Al parecer, no es común que los abuelos se separen. Si hay personas que dan fe de la existencia del amor eterno, son un par de viejos sentados, uno cerca del otro, y más que de amor, son prueba de lealtad y compañía. Mis abuelos paternos murieron hace catorce años. Con una diferencia de dos meses, ella se fue primero, él partió después y a ambos los siguió el perro. Mis abuelos maternos viven separados, hace cerca de tres años. Ella comenzó a odiar el pasado que él le había dejado en la memoria y él no tuvo más remedio que alejarse de su hogar. Y volver sigue siendo su sueño.
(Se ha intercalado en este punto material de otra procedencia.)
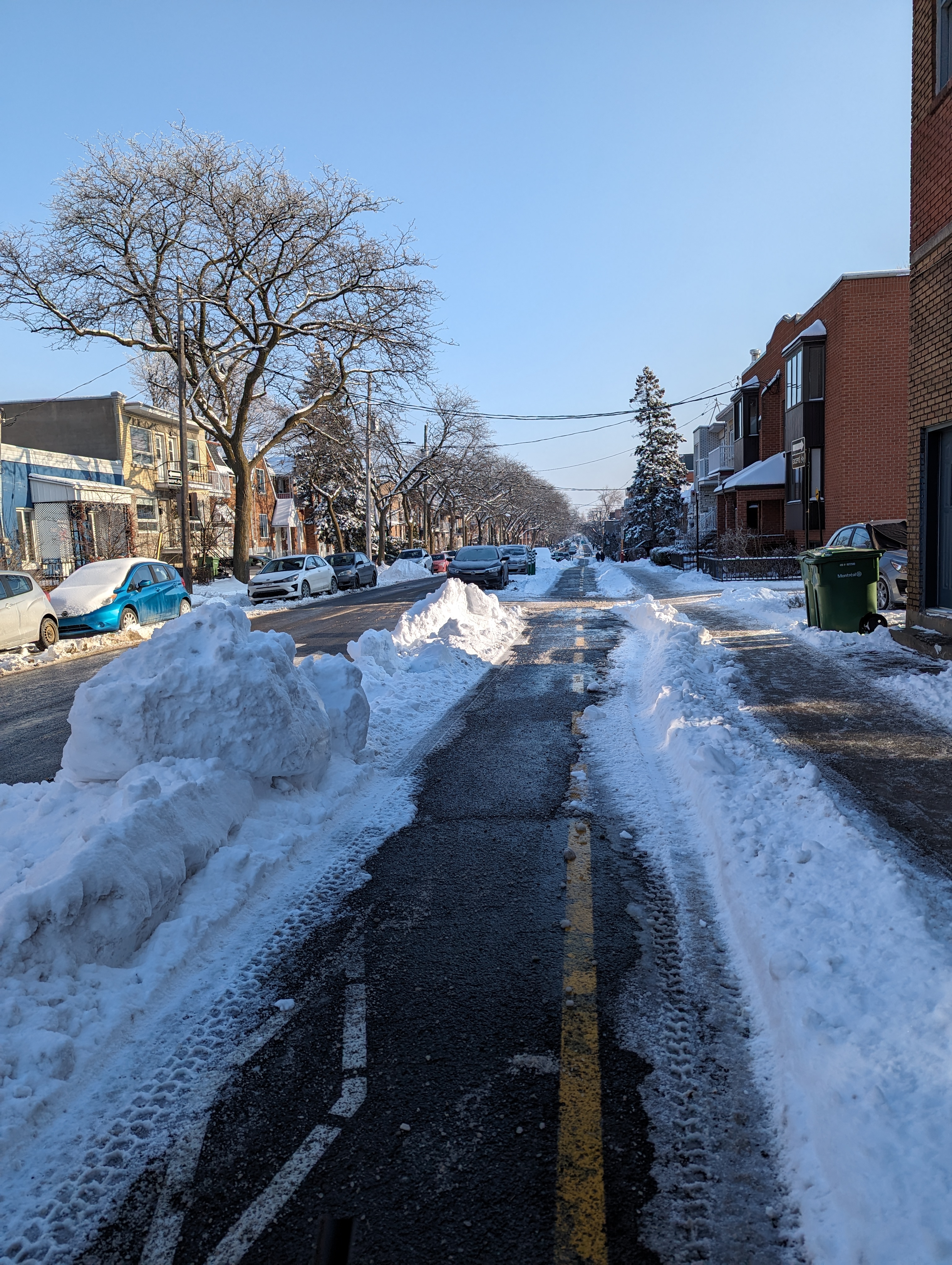 En été, une voie si étroite serait très dangereuse, mais en hiver quand il n’y a pas beaucoup de cyclist·e·s qui l’empruntent et quand les cyclist·e·s roulent plus lentement, je trouve que ce n’est pas un problème. Ça ne dure jusqu’à la fin des opérations de déneigement, ou quelques jours. ![]()

Hace poco más de 50 años se conocieron. Ella vivía en la plaza del pueblo, en una gran casa, hija de un gran hombre, una muchacha de buena familia. Él vivía en la calle de abajo, cerca del puente, huérfano de madre se convirtió en un hombre trabajador desde muy joven, era un hombre bueno, pero de otra clase social.
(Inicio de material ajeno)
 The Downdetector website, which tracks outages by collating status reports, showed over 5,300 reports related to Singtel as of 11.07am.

A escondidas se casaron y abandonaron el pueblo que los vio nacer y crecer. Una inundación les dio la bienvenida en su vida de casados, como una maldición por la desobediencia, la mentira, el amor que no debían sentir. Un acto de romanticismo que no imaginaba yo de mis abuelos, pues siempre pensé que habían hecho las cosas como Dios mandaba.
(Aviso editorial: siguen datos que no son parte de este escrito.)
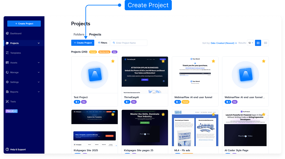 Creating a new project allows you to organize your pages and design work efficiently. Follow the simple steps below to create one.
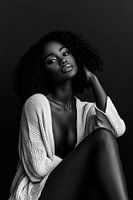De tijdloze zwart-witte esthetiek straalt zelfbewuste elegantie uit. Het contrast tussen de zachte lijnen en de sterke aanwezigheid creëert een fascinerende sfeer. Dit kunstwerk voegt een vleugje verfijning toe aan een woonkamer of slaapkamer en nodigt uit tot reflectie en inspiratie. Het spel van licht en schaduw vangt emotie in zijn puurste vorm.
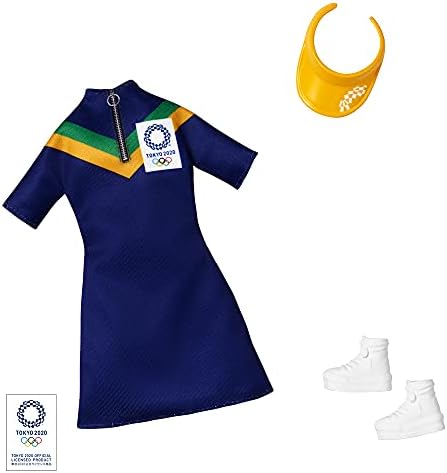 Product Description Barbie doll loves to put her own twist on the latest fashion trends (doll not included; sold separately, subject to availability). And she's captured some of her favorite influences in this cool collection of doll clothes. Each complete look -one outfit, plus accessories -incorporates recognizable icons inspired by the Olympics Games Tokyo 2020. Mix and match with other clothing in the line to explore all kinds of styles. Key Features: This trendy fashion pack for Barbie doll features an outfit and accessories inspired by the Olympic Games Tokyo 2020 (doll not included; sold separately, subject to availability)..,A blue dress is cool with 2 colorful chevron stripes and the Olympic Games Tokyo 2020 logo.,A branded visor and a pair of white sneakers complete the look with sporty touches.,Mix and match with other Barbie doll clothing to encourage imaginations and storytelling fun (each fashion pack sold separately, subject to availability).,Kids can collect them to expand Barbie doll's wardrobe and the possibilities for exploration because when a girl plays with Barbie, she imagines everything she can become (each fashion pack sold separately, subject to availability). This product is designed with premium quality, ensuring durability and superior performance.

Y acompañamos a mi abuelo en el regreso a ese pueblo del pasado, que parece detenido en el tiempo. Las mismas casas, los mismos colores: "la casa café, la casa gris". La calle de abajo, allá, abajo, más abandonada que la plaza que tuvo años de esplendor y belleza y que ahora ya luce olvidada. No tan olvidada como la calle de abajo, la casa en la que vivió mi abuelo, mi bisabuelo y su última esposa, que aún vive y que tiene marcas de los años hundidas en la piel de su cara.
Todo está allí, pero poco queda del pasado de Santo Domingo, el pueblo de mis abuelos. Las casas no han sido tumbadas, pero están deterioradas, ajadas, corroídas. La esquina del gran Tomás Carrasquilla no está en mejores condiciones. Huele a verduras, a carne cruda y a excrementos de caballo. Los muros de tapia, que han sido testigos del paso de los años, permanecen inmóviles en ciertos puntos del panorama. Esas tapias y las lápidas del cementerio marcadas con nombres conocidos y apellidos comunes, son pedazos de recuerdo que más de 50 años después nos contaron que allí, en otros tiempos, habitaron las estirpes de mis abuelos.
Fotografía tomada en Santo Domingo, Antioquia. 1 de mayo de 2010.